Data records –
******
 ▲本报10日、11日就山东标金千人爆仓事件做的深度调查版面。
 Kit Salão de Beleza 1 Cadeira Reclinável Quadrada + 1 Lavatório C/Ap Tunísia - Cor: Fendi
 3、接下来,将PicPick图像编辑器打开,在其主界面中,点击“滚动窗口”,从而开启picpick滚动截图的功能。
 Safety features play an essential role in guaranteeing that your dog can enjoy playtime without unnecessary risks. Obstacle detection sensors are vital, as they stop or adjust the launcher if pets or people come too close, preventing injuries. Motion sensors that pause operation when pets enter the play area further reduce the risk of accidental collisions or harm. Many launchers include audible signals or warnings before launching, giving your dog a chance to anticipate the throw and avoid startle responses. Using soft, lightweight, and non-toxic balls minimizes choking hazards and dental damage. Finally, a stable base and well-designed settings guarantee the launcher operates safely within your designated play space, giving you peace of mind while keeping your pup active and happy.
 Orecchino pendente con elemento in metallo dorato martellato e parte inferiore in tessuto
******
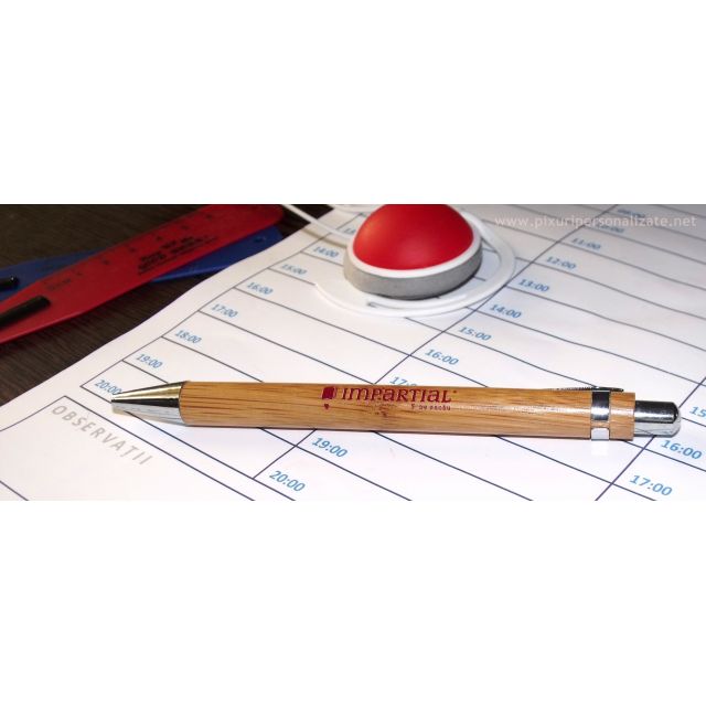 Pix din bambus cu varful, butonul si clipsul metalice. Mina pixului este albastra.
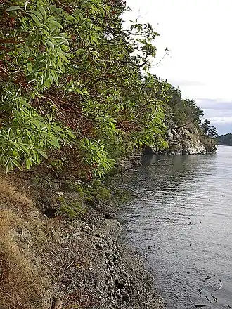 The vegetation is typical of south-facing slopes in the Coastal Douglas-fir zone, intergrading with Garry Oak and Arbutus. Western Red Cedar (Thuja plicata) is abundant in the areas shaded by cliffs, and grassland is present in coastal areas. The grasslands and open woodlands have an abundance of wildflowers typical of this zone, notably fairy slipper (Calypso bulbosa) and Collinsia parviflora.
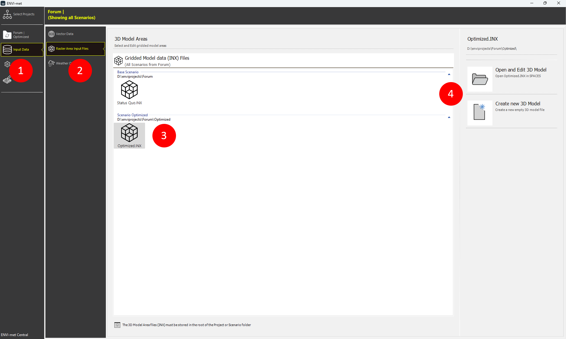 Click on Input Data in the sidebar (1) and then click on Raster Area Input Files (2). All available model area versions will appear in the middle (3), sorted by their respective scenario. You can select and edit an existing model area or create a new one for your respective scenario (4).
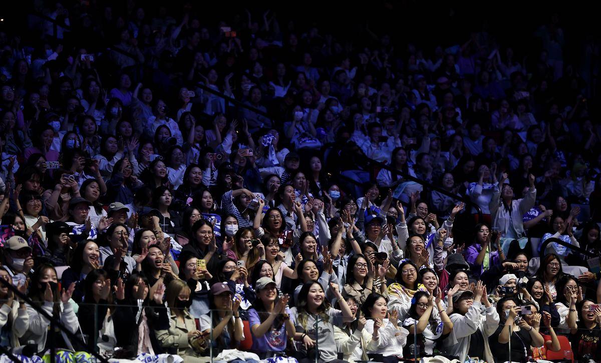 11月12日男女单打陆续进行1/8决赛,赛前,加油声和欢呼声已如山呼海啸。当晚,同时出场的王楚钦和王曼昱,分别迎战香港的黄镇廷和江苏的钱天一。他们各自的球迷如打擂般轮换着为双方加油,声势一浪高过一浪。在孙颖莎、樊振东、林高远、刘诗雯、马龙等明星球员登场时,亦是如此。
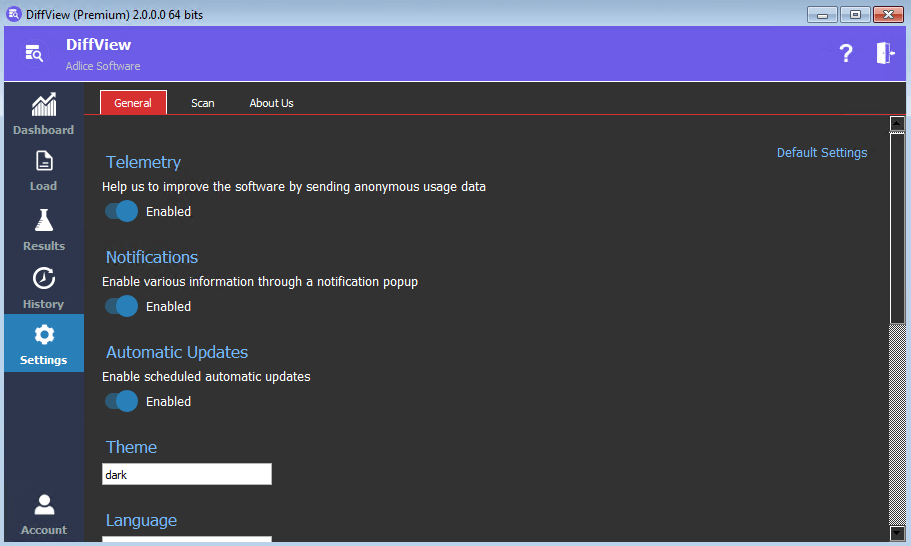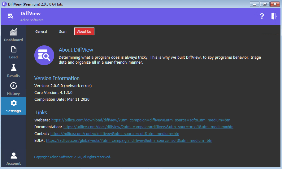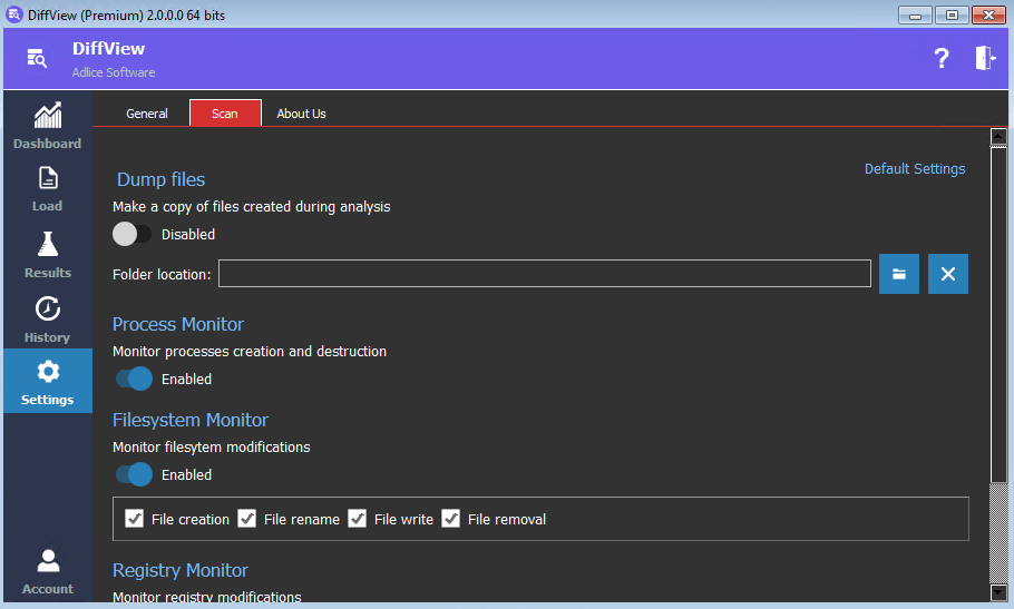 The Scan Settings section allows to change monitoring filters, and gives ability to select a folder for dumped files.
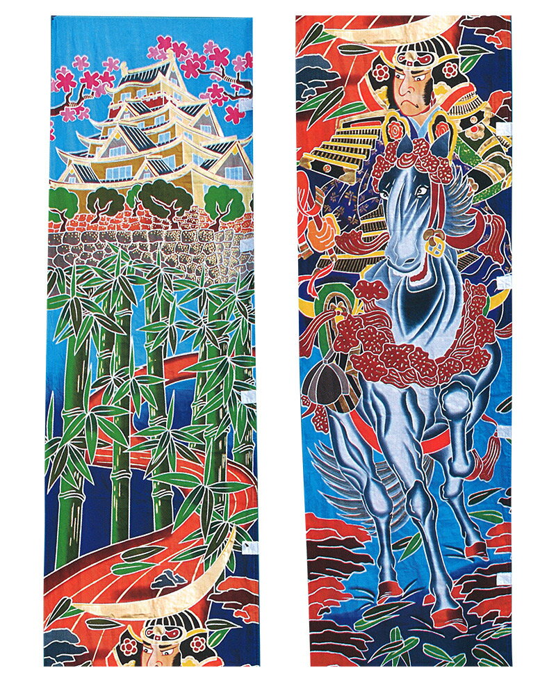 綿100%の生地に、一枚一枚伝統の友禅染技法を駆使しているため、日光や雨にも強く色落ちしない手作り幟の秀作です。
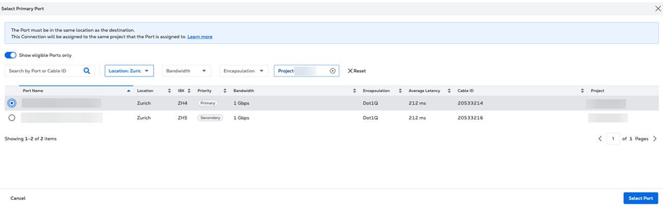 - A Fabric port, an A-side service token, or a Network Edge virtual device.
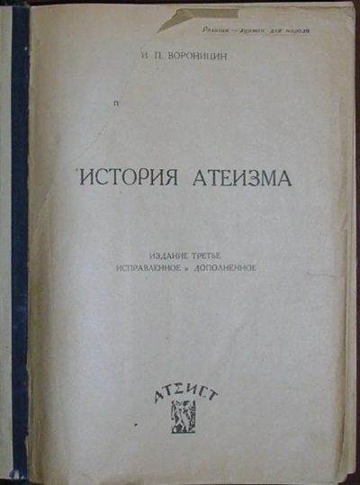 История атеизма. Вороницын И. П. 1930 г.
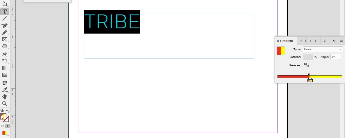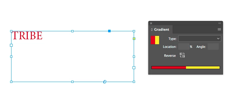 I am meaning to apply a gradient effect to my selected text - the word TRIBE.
******
YOUR OBJECTIVE – Give exactly the lines above that run from the line with "Pix din bambus" to the line with "Click on Input", both included, leaving every picture out.

EXPECTED OUTPUT –
 Pix din bambus cu varful, butonul si clipsul metalice. Mina pixului este albastra.
 The vegetation is typical of south-facing slopes in the Coastal Douglas-fir zone, intergrading with Garry Oak and Arbutus. Western Red Cedar (Thuja plicata) is abundant in the areas shaded by cliffs, and grassland is present in coastal areas. The grasslands and open woodlands have an abundance of wildflowers typical of this zone, notably fairy slipper (Calypso bulbosa) and Collinsia parviflora.
 Click on Input Data in the sidebar (1) and then click on Raster Area Input Files (2). All available model area versions will appear in the middle (3), sorted by their respective scenario. You can select and edit an existing model area or create a new one for your respective scenario (4).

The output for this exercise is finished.